[Data records]
▬▬▬

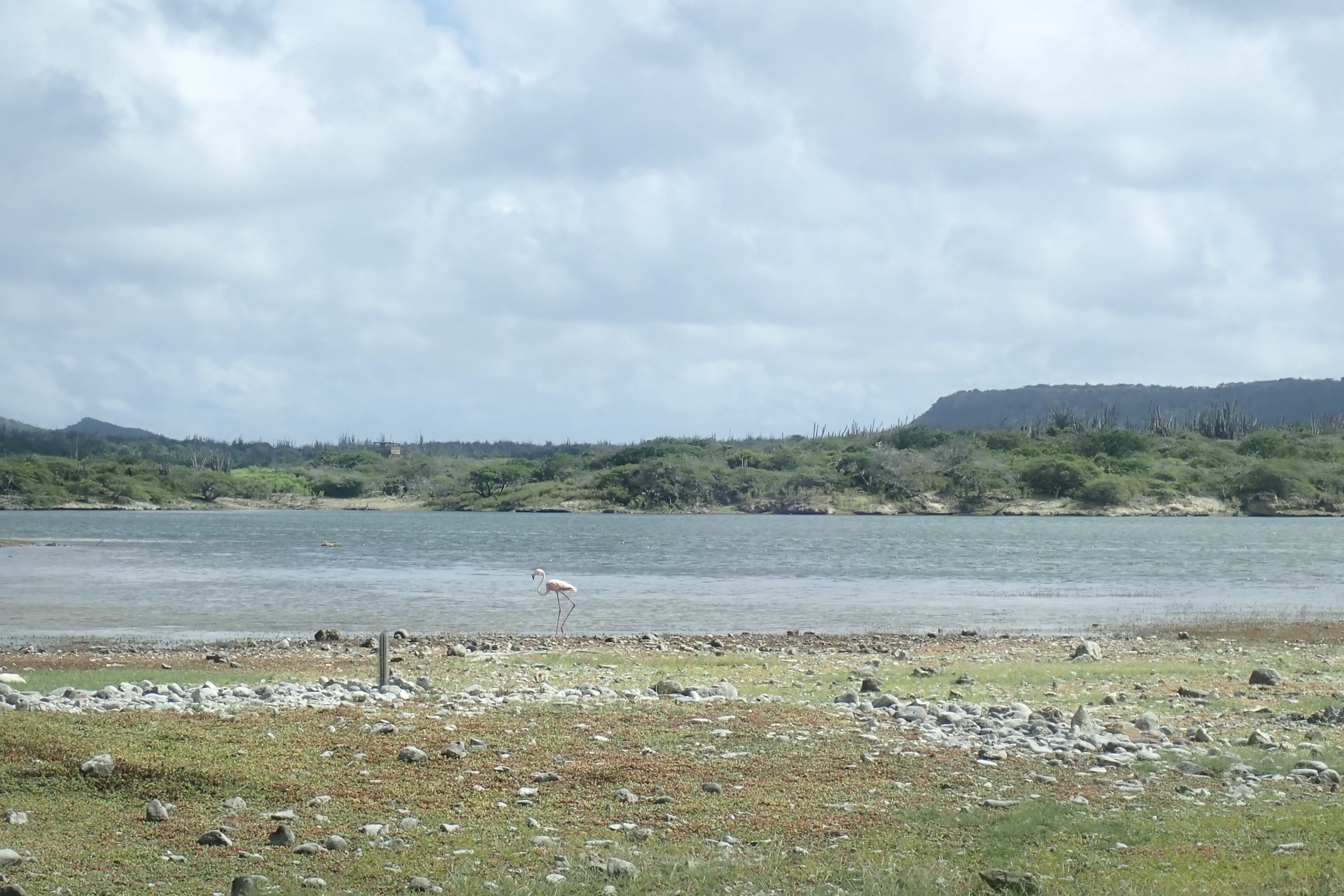 The goat bones from the plantation were shipped straight to Suriname to make buttons. We read the information board about Boka Slagbaai when we swam to the beach. This place is one of the highlights of the national park. A little coral beach and mountains of cactus scrub land with a few renovated plantation buildings, picnic tables and a car park. Behind us, a brown lagoon stretched into the park. We could see one lonely flamingo mooching around, bending it’s enormous ankle-knees.
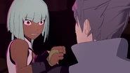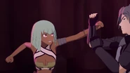 Mercury goes on to explain that his father physically and emotionally abused him, using "training" as an excuse to physically abuse him. As Mercury throws his fist and swings his leg at Emerald, he also reveals that Marcus stole his Semblance by using his when he unlocked it, claiming that it is a "crutch" that makes him "weak". Through false promises of being given his Semblance back, Mercury trained to become stronger, but never got it back, even after he killed his father. With nowhere else to go, Mercury aims to work harder to get where he is, proclaiming that he feels that he is right where he should be. Just as Mercury finishes speaking, he raises his arms as he and Emerald circle around the room, ready to strike at each other.
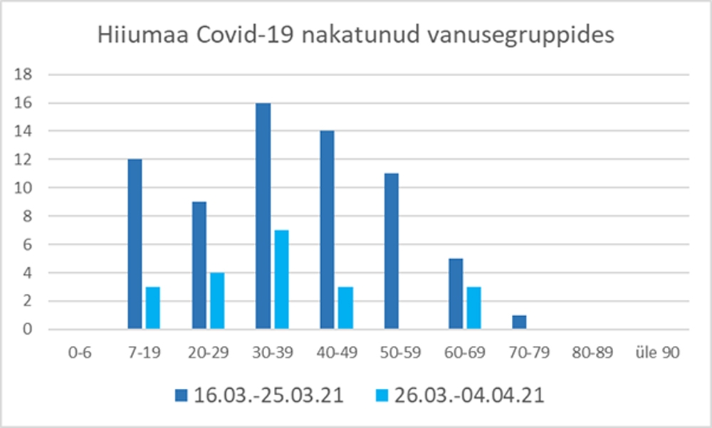 Hiiumaal oli eilse, 5. aprilli seisuga Terviseameti kinnitusel jälgimisel 12 COVIDpositiivset ja 9 lähikontaktset. Nakatunud on vanuses 9 kuni 67 aastat. Jätkuvalt on kolmandikul juhtudest nakkusallikas teadmata. 55% haigestunuid on nakkuse saanud pere- ja 10% tutvusringkonna kontaktist. 1/3 nakkuse saanuist on naised, 2/3 mehed. Hiiumaa haiglas COVIDpatsiente ravil ei ole.
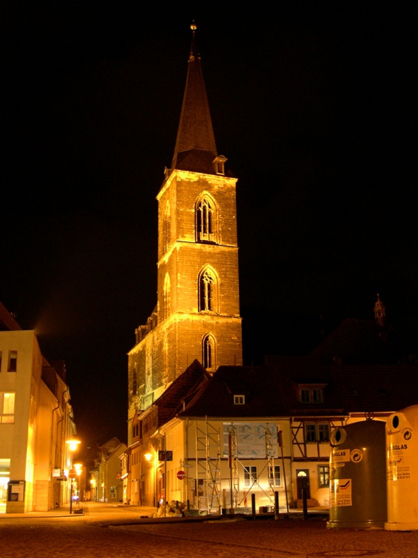 - Aschersleben – An der Marktkirche St. Stephani bei Nacht.
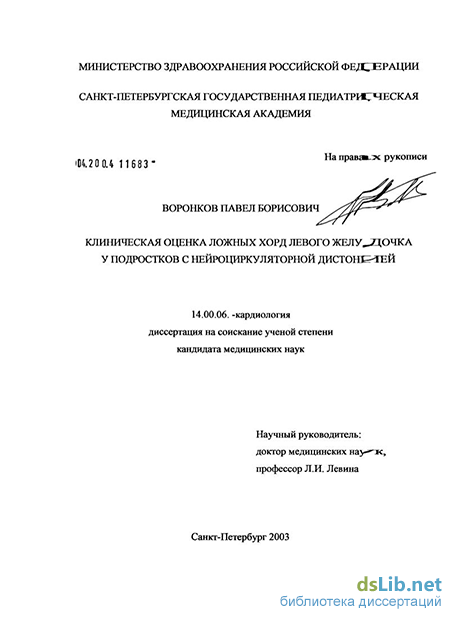 Воронков Павел Борисович. Клиническая оценка ложных хорд левого желудочка у подростков с нейроциркуляторной дистонией : диссертация ... кандидата медицинских наук : 14.00.06 / Воронков Павел Борисович; [Место защиты: Государственное образовательное учреждение дополнительного профессионального образования "Санкт-Петербургская медицинская академия последипломного образования"].- Санкт-Петербург, 2004.- 133 с.: ил.

▬▬▬

Write out only the lines from the one that contains "Mercury goes on" through the last line of the records above, both included, word for word and without the pictures.

#### TASK RESULT:
 Mercury goes on to explain that his father physically and emotionally abused him, using "training" as an excuse to physically abuse him. As Mercury throws his fist and swings his leg at Emerald, he also reveals that Marcus stole his Semblance by using his when he unlocked it, claiming that it is a "crutch" that makes him "weak". Through false promises of being given his Semblance back, Mercury trained to become stronger, but never got it back, even after he killed his father. With nowhere else to go, Mercury aims to work harder to get where he is, proclaiming that he feels that he is right where he should be. Just as Mercury finishes speaking, he raises his arms as he and Emerald circle around the room, ready to strike at each other.
 Hiiumaal oli eilse, 5. aprilli seisuga Terviseameti kinnitusel jälgimisel 12 COVIDpositiivset ja 9 lähikontaktset. Nakatunud on vanuses 9 kuni 67 aastat. Jätkuvalt on kolmandikul juhtudest nakkusallikas teadmata. 55% haigestunuid on nakkuse saanud pere- ja 10% tutvusringkonna kontaktist. 1/3 nakkuse saanuist on naised, 2/3 mehed. Hiiumaa haiglas COVIDpatsiente ravil ei ole.
 - Aschersleben – An der Marktkirche St. Stephani bei Nacht.
 Воронков Павел Борисович. Клиническая оценка ложных хорд левого желудочка у подростков с нейроциркуляторной дистонией : диссертация ... кандидата медицинских наук : 14.00.06 / Воронков Павел Борисович; [Место защиты: Государственное образовательное учреждение дополнительного профессионального образования "Санкт-Петербургская медицинская академия последипломного образования"].- Санкт-Петербург, 2004.- 133 с.: ил.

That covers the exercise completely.